Глаза пастора полыхнули в полутьме:
– С чего вы взяли, что я храню столь ценный предмет здесь?
– У меня есть на то основания. – ровно ответил Орсо. – Не упорствуйте, Эрнесто. Поверьте, существует огромная разница между тем, чтобы молча рухнуть наземь с пронзенной грудью, и тем, чтобы с воем и слезами подыхать посреди вонючего каземата в луже собственной крови и нечистот.
На скулах Альбинони выступили пятна румянца, крылья носа дрогнули.
– Вы что же, Орсо, мните себя обиженным? После всего того, что вы учинили, вы изволите рядиться в тогу мстителя?
Даже в неверных багровых всполохах огней было видно, как взгляд полковника налился черным бешенством. Лезвие скьявоны тут же уперлось пастору в ребра:
– Наши с вами счеты позади, Эрнесто, – промолвил кондотьер, не меняя тона, – нас рассудят в другом суде. Здесь же и сейчас мне нужно только Наследие Гамальяно. Вы, конечно, не согласитесь со мной, но, по совести, вам следовало бы исправить то, что вы сделали.

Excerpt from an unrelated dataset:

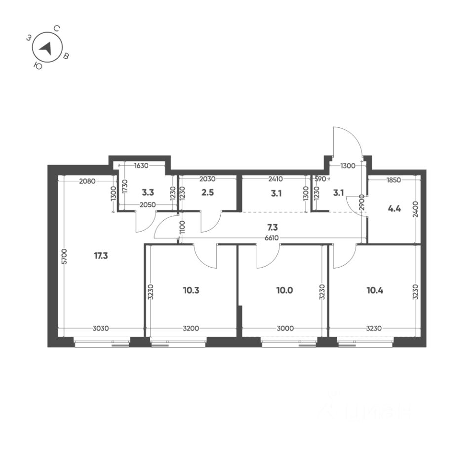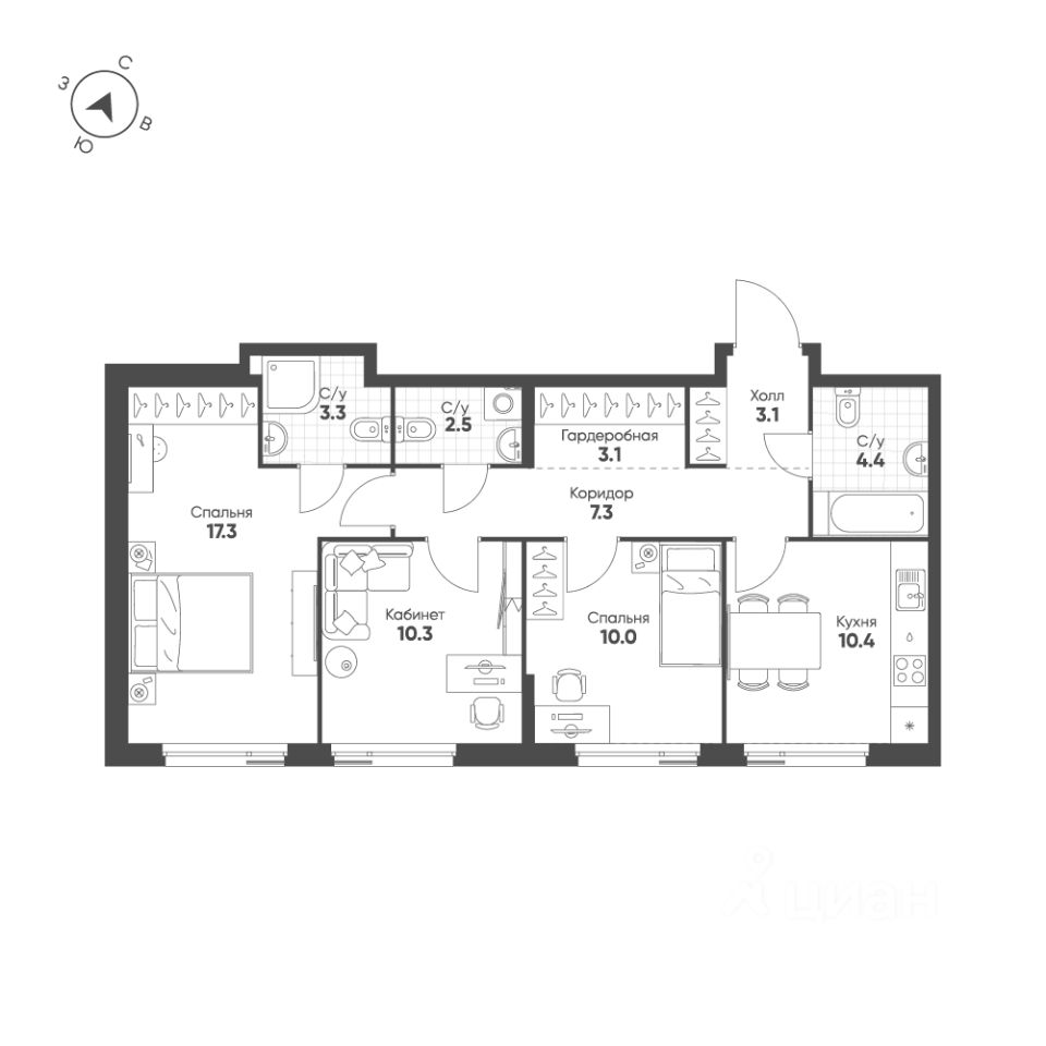 Продается 3-к квартира без отделки в ЖК "Shagal".

– А кто исправит то, что сделали вы? – холодно парировал Альбинони.
– Не тревожьтесь, Эрнесто. Это Господь подчас предвзят, в аду же не ошибаются. – Лезвие проткнуло рясу. – Хватит софистики. Отдайте Треть, и вся эта история закончится.

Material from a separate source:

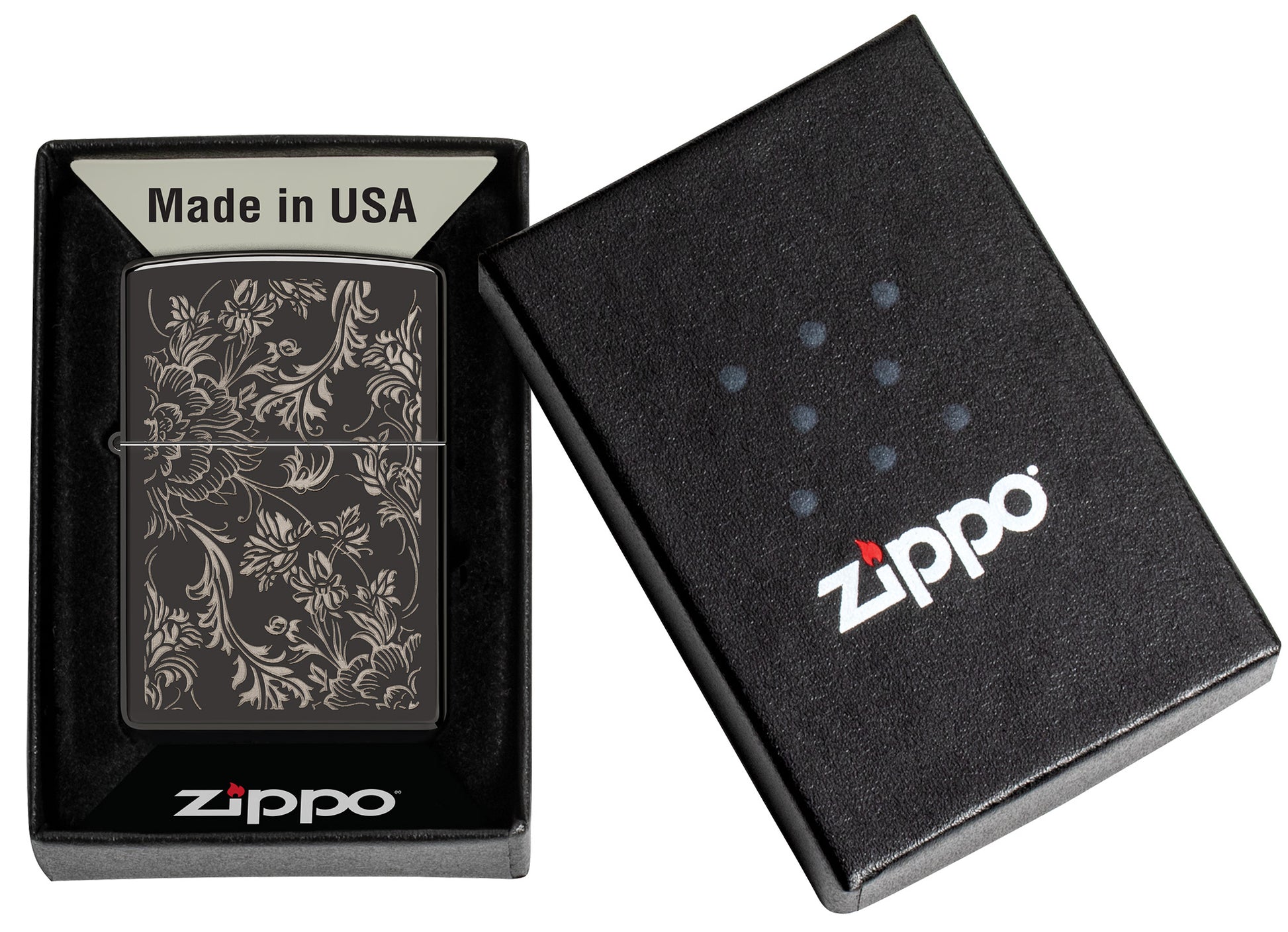 Add a timeless flourish to your collection with this classic High Polish Black lighter. Elegant florals swirl across the surface of the piece in an intricate Laser Engrave design.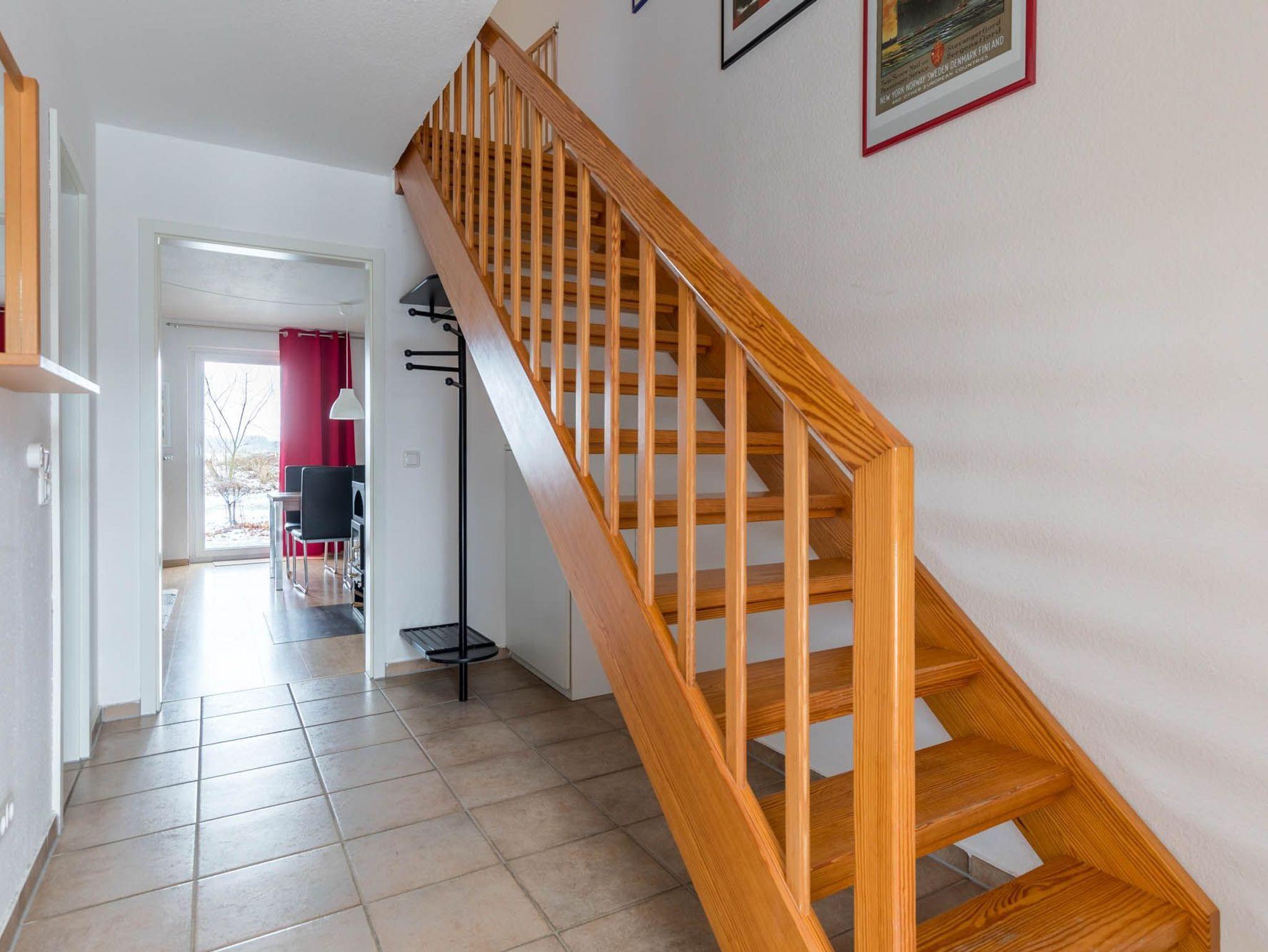 Vom Flur aus führt eine Holztreppe in die nächste Etage.

Альбинони не ответил. Он молча опустил глаза и с почти рассеянным видом провел пальцем по лезвию скьявоны.
– Послушайте, Орсо, – начал он негромко, – зачем вам эта проклятая вещь? Она приносит несчастье всем, кто ею обладает, вам ли не знать. Она погубила меня – погубит и вас. Дьявол, принесший ее в мир, передумал. Он хочет ее назад и не отступится. Не стойте у него на пути. Скажите хозяйке, что я сжег Треть у вас на глазах и вы убили меня за это, как я того и заслуживал. Вот, Орсо, возьмите. – Пастор стянул с тонких пальцев два старинных перстня, потом торопливо снял с шеи ладанку и вынул из кармана часы. – Эти кольца и хронометр стоят огромных денег, они – последнее достояние моей семьи. Ладанка же эта дурно изготовлена, но я привез ее из Святой земли, она освящена у самого Гроба Господня и заключает весьма редкий текст из Библии. Ее завещал мне перед смертью некий испанский монах. Подумайте, Орсо. Несколько сотен золотых цехинов и благословение католической церкви – или проклятие, нависающее над каждым, кому в недобрый час угодит в руки.

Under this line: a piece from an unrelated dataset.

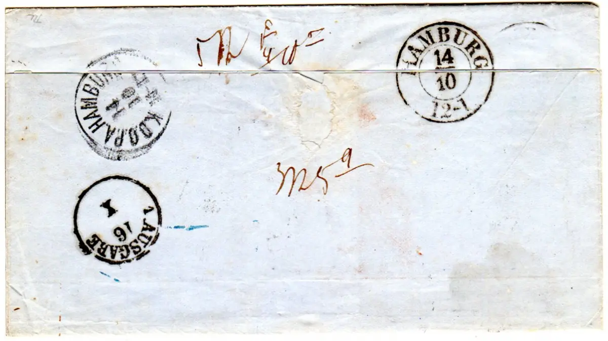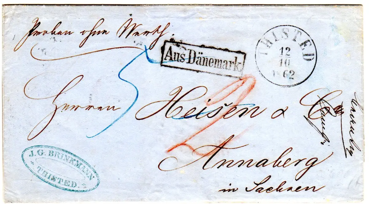 Faltbrief m. Inhalt v. Thisted via Hamburg nach Annaberg in Sachsen. Weitere Stempel rückseitig. Gesamtporto "5" NGr.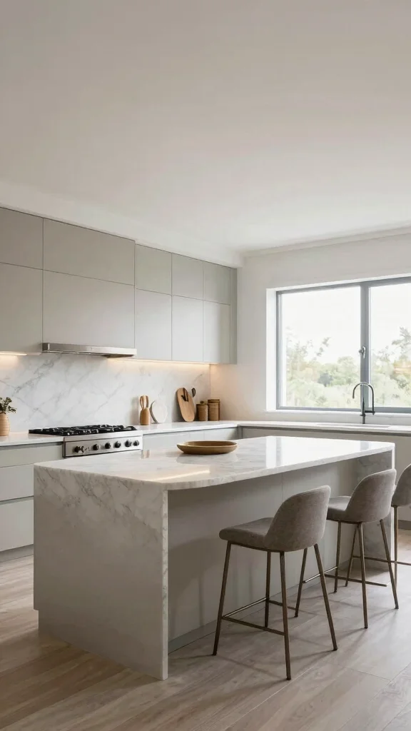 To embrace this style, keep decor to a minimum for a clutter-free surface that emphasizes the beauty of your island. Using neutral colors maintains a serene ambiance, allowing the design to shine. This trend reflects a desire for calm and order in today’s busy life.

Пастор умолк, глядя Орсо в глаза и сжимая драгоценности в руках. На высоком лбу блестели капли пота, седые волосы казались медными в отблесках огня. Кондотьер брезгливо сплюнул:
– Не пытайтесь меня подкупить, Эрнесто. Только не меня. Мне ничего не нужно от скопища грязных ублюдков, называющих себя слугами святой церкви. Мне нужна Треть – а вам пригодится быстрая смерть. Я жду.
Альбинони помолчал, а потом сжал пальцы так крепко, что побелели суставы.
– Что ж. Ищите, Орсо, – твердо отрезал он и одним изящным, почти танцевальным движением нанизался грудью на клинок.
Полковник окаменел. С бранью рванул скьявону назад, и пастор Альбинони тяжело осел на ступеньки, все так же глядя в глаза кондотьеру. Несколько блестящих темных капель скользнуло с острия на камень крыльца.
– Тварь… – прошептал Орсо. – Тварь, тварь! – заревел он вдруг, остервенело вонзая клинок в живот умирающего, а затем снова и снова. – Будь ты проклят, проклят!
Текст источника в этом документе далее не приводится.